Bunun sonucunda iktidar “yasal cezalandırma mekanizmalarının yalnızca ihlâllere değil, aynı zamanda bireylere de müdahale etmelerini meşrulaştırmak, yalnızca bireylerin değil kendilerinin ne olduklarına ve ne olacaklarına, ne olabileceklerine de müdahale etmelerini meşrulaştırmak” olanağına kavuşur. Bu bir tahakküm modelidir.
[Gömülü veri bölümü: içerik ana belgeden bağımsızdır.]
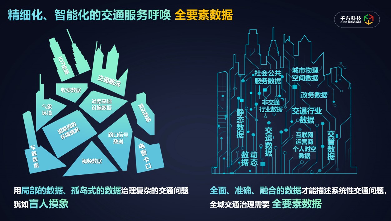 潘璠强调,应用局部数据、孤岛式数据来治理复杂的交通问题犹如盲人摸象, 只有全面、准确、融合的全要素数据才能描述复杂、系统性的交通问题,应对解决全域交通治理难题。这对于当前亟待破局的自动驾驶产业更显迫切,实现完全自动驾驶需要“聪明的车+智慧的路”高效协同,极大程度依赖于车端和路侧感知的全要素、全量数据。

Bu modelde toplumsal talep, hakikât ve rıza üretilir; Hannah Arendt’in, “Hakikât söylemleri olmadan iktidar işletilemez,” ifadesindeki üzere…

“Burjuva hukuk(suzluğ)u” işte tam da bunun için vardır. Ve en önemlisi de, kapitalist hukuk(suzluk) adalet bekleyen ezilenlere Sisyphos’a verilen cezayı kesilmiştir. Yani onlar o en ağır kayayı yüklenip Sisypos kadar bile yukarı taşıyamadan, sürekli olumsuz müdahalelerle düşürüp, yeniden yüklenip yola çıkanlardır.
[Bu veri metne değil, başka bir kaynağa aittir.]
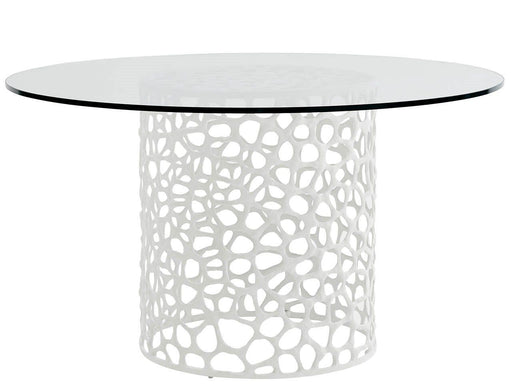 The Coral Dining Table features a round glass top supported by a coral-inspired cast aluminum base. This dining table's transparent top enhances th...

Özetle kapitalizmde adalet bir imkânsızlıktır; Aristoteles’in, “Nikomakhos’a Ahlâk” başlıklı yapıtında adaleti; “erdemin bir bölümü değil, bütünü”, karşıtı olan adaletsizliği de “kötülüğün bir bölümü değil, bütünü” şeklinde tanımladığı antagonistik zıtlıkta…[17]
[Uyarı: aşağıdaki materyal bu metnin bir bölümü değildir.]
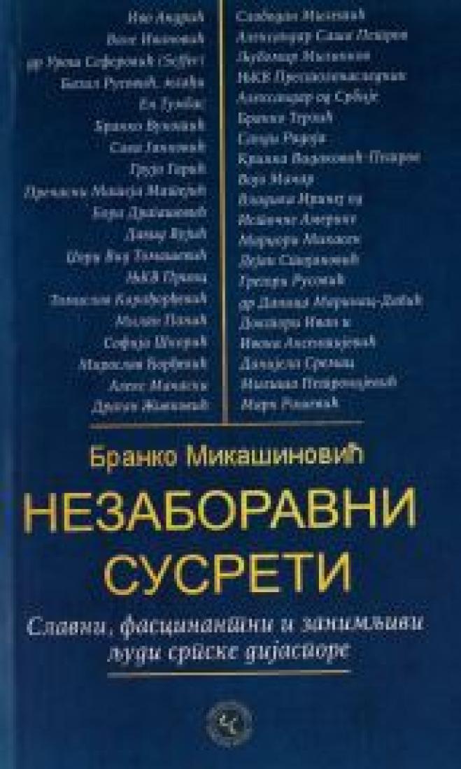 - Unforgettable Encounters: Famous, Fascinating and Interesting People of the Serbian Diaspora The Belgrade publisher "Čigoja štampa" published a translation from English by the American anthologist of Serbian origin, Slavist and journalist, Branko Mikašinović: "Unforgettable encounters - famous, fascinating and ordinary people of the Serbian diaspora". This book is a recollection of Mikašinović's meetings and conversations with personalities of the Serbian diaspora over the past fifty years. The range of personalities represented is diverse and therein lies the appeal of this book: various personalities, circumstances, observations and conclusions. American literary critic Martin Dean wrote about this book: "Mikašinović takes us to the era when young intellectuals gathered in bookstores and cafes to discuss the latest literary bestsellers." Other places of such meetings were famous restaurants, hotels and gatherings where something of the unique and nostalgic elegance of the 19th century has been preserved.

Bunların böyle olduğunun canlı kanıtı coğrafyamızdır; eski Avrupa İnsan Hakları Mahkemesi (AİHM) Yargıcı Rıza Türmen, “Hukuk, muhalifleri cezalandırma aracı oldu” derken,[18] Salim Şen, “Hukukun bittiği yer”[19] gerçeğini hatırlatıp; Yücel Sayman ise “Hukuktan kopup despotizmin zirvesine ilerleyen serüven”e[20] dikkat çekiyor.

“Düşman ceza hukuku”na[21] yaslanan uygulamalarla maruf coğrafyamızda üretilen “milli yargı” söylemine dair Anayasa Hukukçusu Prof. Dr. Şule Özsoy Boyunsuz’ değerlendirmeleri de şöyle:

“İktidarın milli yargı söylemi yaşadığımız birçok olaydan da gördüğümüz üzere hukukun herkese eşit uygulanmayacağının meşrulaştırılması anlamına gelebilir. Rejim kendine tehdit gördüğü her şeyi ufalamaya çalışıyor. Yargının önüne getirilecek ‘milli’ kelimesini ise hukuku, yapmaya niyetlendikleri yeni anayasayı kendi gelecekleri için tasarlarken buna kılıf olarak kullanıyorlar. Ancak bunun anlamı bir anlamda otoriterleşmeyi sürdüren rejimin faşizan bir yargı kanunu çabası.”[22]

* * * * *

Toparlarsak: Sınıflı sömürücü toplumların hukuk(suzluk) gerçeği estetize edilmiş yalan(lar)la paketlenemez…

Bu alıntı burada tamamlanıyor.